A typical nuclear power plant in a year generates 20 metric tons of used nuclear fuel. The nuclear industry generates a total of about 2,000 - 2,300 metric tons of used fuel per year.
With those numbers constantly growing, the need for a nuclear waste management plan is vital. Industry officials say the path forward needs to include both interim storage options and plans for permanent disposal. The current administration has moved to restart the licensing process for Yucca Mountain despite concerns in Nevada. Private companies have also applied for licenses to open temporary storage facilities in New Mexico and West Texas. Holtec International submitted an application for a license to construct an interim high-level radioactive waste storage facility that could hold up to 120,000 metric tons of spent nuclear fuel rods on a 1,000-acre property owned by Eddy Lea Energy Alliance (ELEA) near the border of Eddy and Lea counties in New Mexico. Proposals like that face opposition from high-ranking Democrats in New Mexico, oil and gas developers in the Permian Basin, ranchers and environmentalists. US Sen. Catherine Cortez Masto, a Nevada Democrat, said her state wants a voice in the process and that the legislation needs to be updated to allow for states to weigh in on whether they’re willing to accept any waste.
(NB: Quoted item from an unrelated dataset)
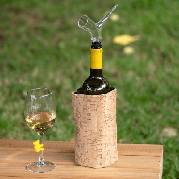 ワインボトルクーラーにはエコ素材として知られるコルクとジュートを使用しています。どちらもワインと相性の良いデザインで、見た目からもワインを楽しめます。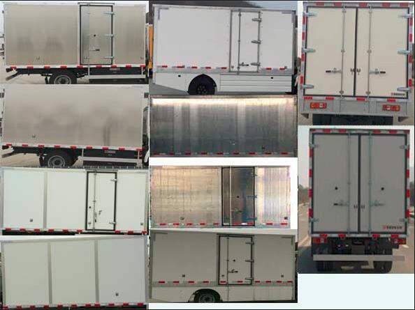 | 备注 | 1,随底盘选装导流罩,车厢顶部封闭不可开启.2,选装防护样式,选装不同的货厢结构,选装货箱侧面不开门, 单开门.3,防护装置材料为:铝合金,与车架采用螺栓连接,后下部防护装置断面尺寸(mm):100×30,离地高度:460mm.4,安装侧,后防护装置裙板结构,材料材质为Q235,后部裙板下缘离地高度为510mm.5,电池种类/生产企业:多元复合材料锂离子电池/广州鹏辉能源科技股份有限公司.6, ABS系统生产厂家/型号: 广州科密汽车电子控制技术股份有限公司/CM4YL,可在全国销售。 | ||

After the Holtec application, congresswoman Deb Haaland announced her opposition to storing high-level nuclear waste in New Mexico in a letter to the U.S. Department of Energy and U.S. Nuclear Regulatory Commission.
High-level radioactive waste is the byproduct of energy generated inside nuclear power plants and currently, there are over 60 dry cask storage sites across 34 states. Plans to reclassify some of the country's radioactive waste to lesser threat levels is angering environmental groups and raising questions among experts. Gov. Michelle Lujan Grisham has already expressed her opposition to the DOE’s plans calling it an unacceptable risk. Many feel most people in the area are not well informed on the proposed nuclear waste site, its operations or the level of safety proposed for the site. Holtec’s plans to transport waste by rail has also raised several concerns. Despite the ongoing dispute, Eddy County is supporting the nuclear waste site near Carlsbad.